On a small island on a tributary of the River Jary in Brazil stands a nine-foot high wooden cross with what seems a very odd decoration: a swastika.
Even stranger is that on the cross it reads "Joseph Greiner died here on 2.1.1936," which was three years before WWII officially started in 1939 (a year before the Japanese invasion of China in 1937, sometimes considered the start of the war) and over a decade before Nazis began making their way to Brazil, in hopes of hiding out in the South American country. So, what was a Nazi doing in Brazil halfway around the world in 1936? As the cross states it was "a death from fever in the service of German Research Work."
Known as the "Guayana Project," it was a mission of exploration and a testament to just how grand the Nazi's imagined their empire would be. As the report brought back to the Third Reich explained, "The two largest scantly populated, but rich in resources, areas on earth are in Siberia and South America. 'They alone offer spacious immigration and settlement possibilities for the Nordic peoples... For the more advanced white race it offers outstanding possibilities for exploitation."
In 1935, under the cover of collecting biological specimens, Schulz Kampfhenkel (the expedition leader), Joseph Greiner and another Nazi soldier, as well as many hired locals - described in a letter back to the Third Reich as not being able to be "measured in civilized terms as we known them in Germany" - explored the region bordering French Guyana and sent back details about how the Nazi's might infiltrate and begin colonizing the country for themselves. It was suggested that the country's already existing Germans, roughly a million at the time, might become the start of what would be the great South American Third Reich Empire.

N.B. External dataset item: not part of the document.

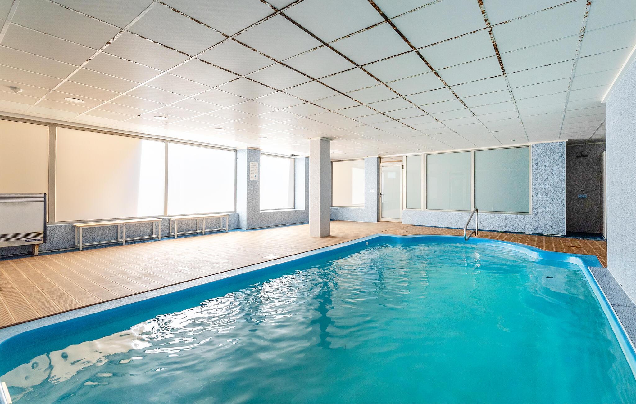 Nyd solen, så meget I vil på terrassen. Afbryd blot ferienlæsning for at svømme et par baner i den fælles pool.

Of course, this did not happen. Greiner died of malaria while on the expedition, and Kampfhenkel brought his report to the Reich. In the end it wasn't the malaria, or the jungle, that put a stop to the plans to expand into Brazil but bureaucracy, and a lack of interest. 'Given time, the plan may be submitted again" wrote Heinrich Himmler who was in charge of approving the plans.
Today all that remains of this monomaniacal plan is the graves of the Nazis who perished in pursuit of it, known to locals as the "Nazi Graveyard."